The Triathlon competitions at the 2014 Commonwealth Games, in Glasgow, were held in Strathclyde Country Park. The men's and women's individual events were held on Thursday 24 July and women's triathlon was the first medal event of the Games. Mixed team relay was held on Saturday 26 July for the first time ever in major multi-sport Games. Marisol Casado, ITU President and IOC member, commented: "We are delighted the Glasgow 2014 Organising Committee has embraced the Triathlon Mixed Relay. Triathlon is on currently on a high in the United Kingdom, and the Mixed Relay will offer an extra opportunity for the people of Glasgow to watch another thrilling and unpredictable event live on their city streets."
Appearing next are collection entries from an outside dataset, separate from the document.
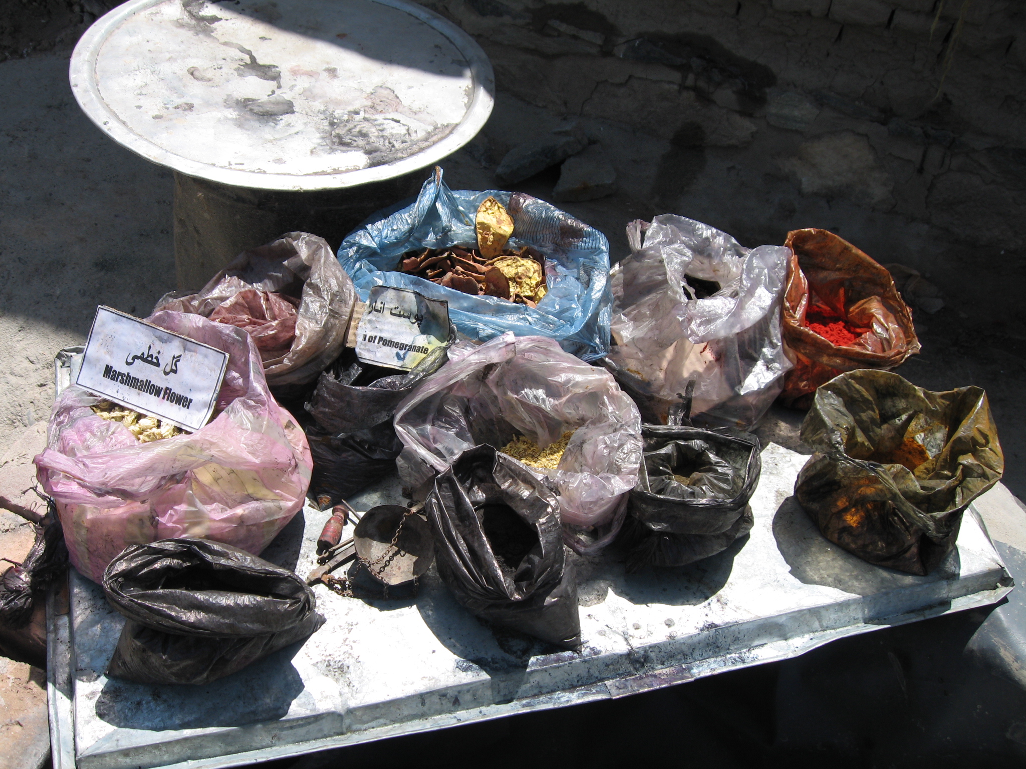 Close up of sources of vegetal colors derived from plant flowers, stems, buds and also fruits and fruit rinds.
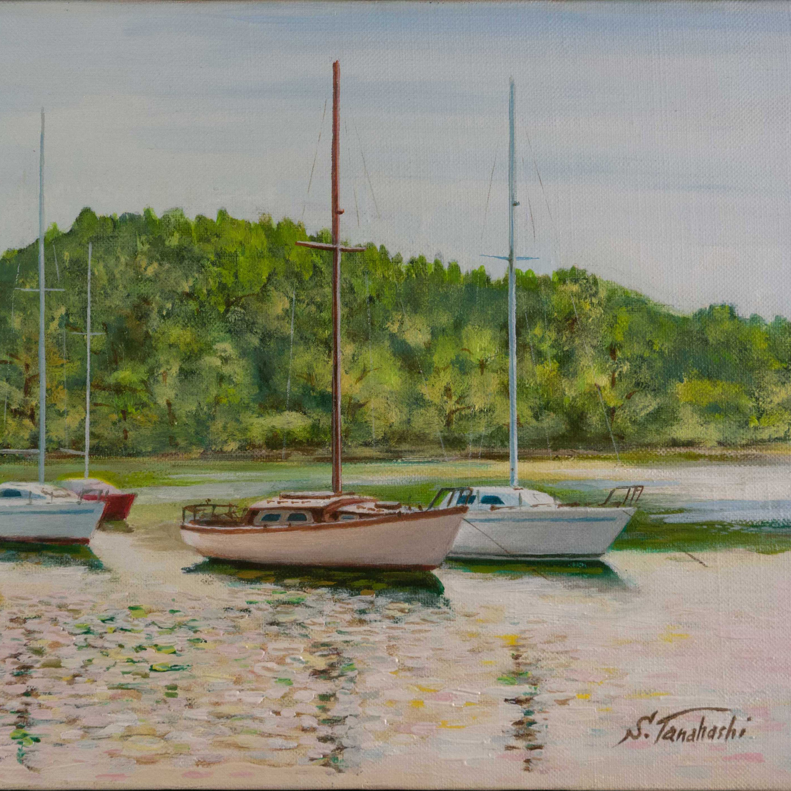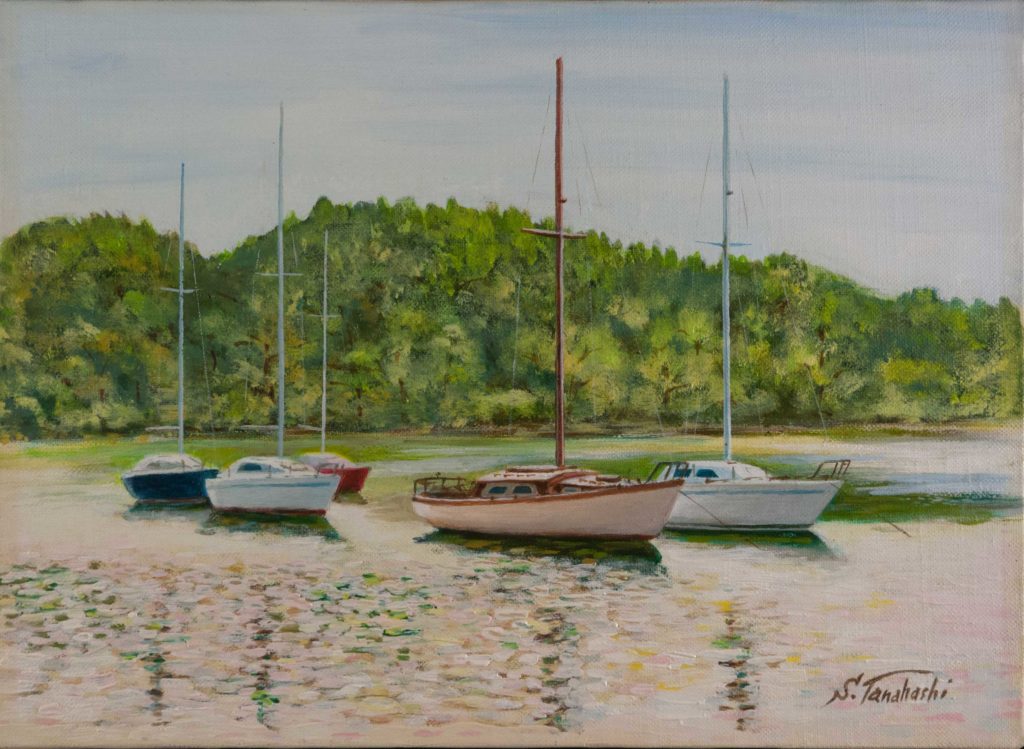 水辺の春(五ヶ所湾) 2023.06.13 水辺の春(五ヶ所湾) 1992年 F4 油彩画ヨットレースで五ヶ所湾まで行った際に印象に残ったVOCヨットクラブのヨットと水辺の新緑を映す水面。この頃から水と光の織り成す印象派的な表現に魅力を感じる様になった。
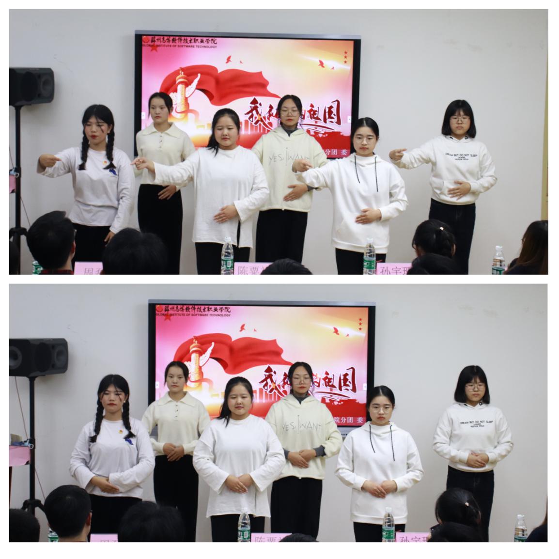 活动伊始,机电工程学院青年学习社表演《我和我的祖国》手语操。

England dominated the competition, taking all three titles, and five medals in total. Alistair Brownlee and Jodie Stimpson won two gold medals each. The victory for Brownlee meant that he had won all senior international titles available to him : the Olympic, World, European and Commonwealth titles for triathlon.

==Format==
The Triathlon events at the XX Commonwealth Games were conducted under the ITU Competition Rules and in accordance with the Commonwealth Games Federation (CGF) Constitution.

The men's and women's individual events were at distance - 1.5 km swim, 40 km cycle, and a 10 km run. The competitions took place as single events between all competitors with no heats.

The mixed relay was contested at the Commonwealth Games for the first time. This event was contested by teams of two men and two women who each complete a 250m swim, 6 km bike and 1600m run leg before passing on to the next athlete in the team. Race order: women-man-women-man.

== Competition venue ==
On the south eastern edge of Glasgow, Strathclyde Country Park provided an excellent venue for Triathlon. This attractive course, using the loch for swimming and the surrounding network of roads and paths for the cycling and running phases, was already an established national triathlon venue.

Individual race course

swim course – 1,500m. The swim took place in the Strathclyde Loch on a course consisting of two laps of 750m.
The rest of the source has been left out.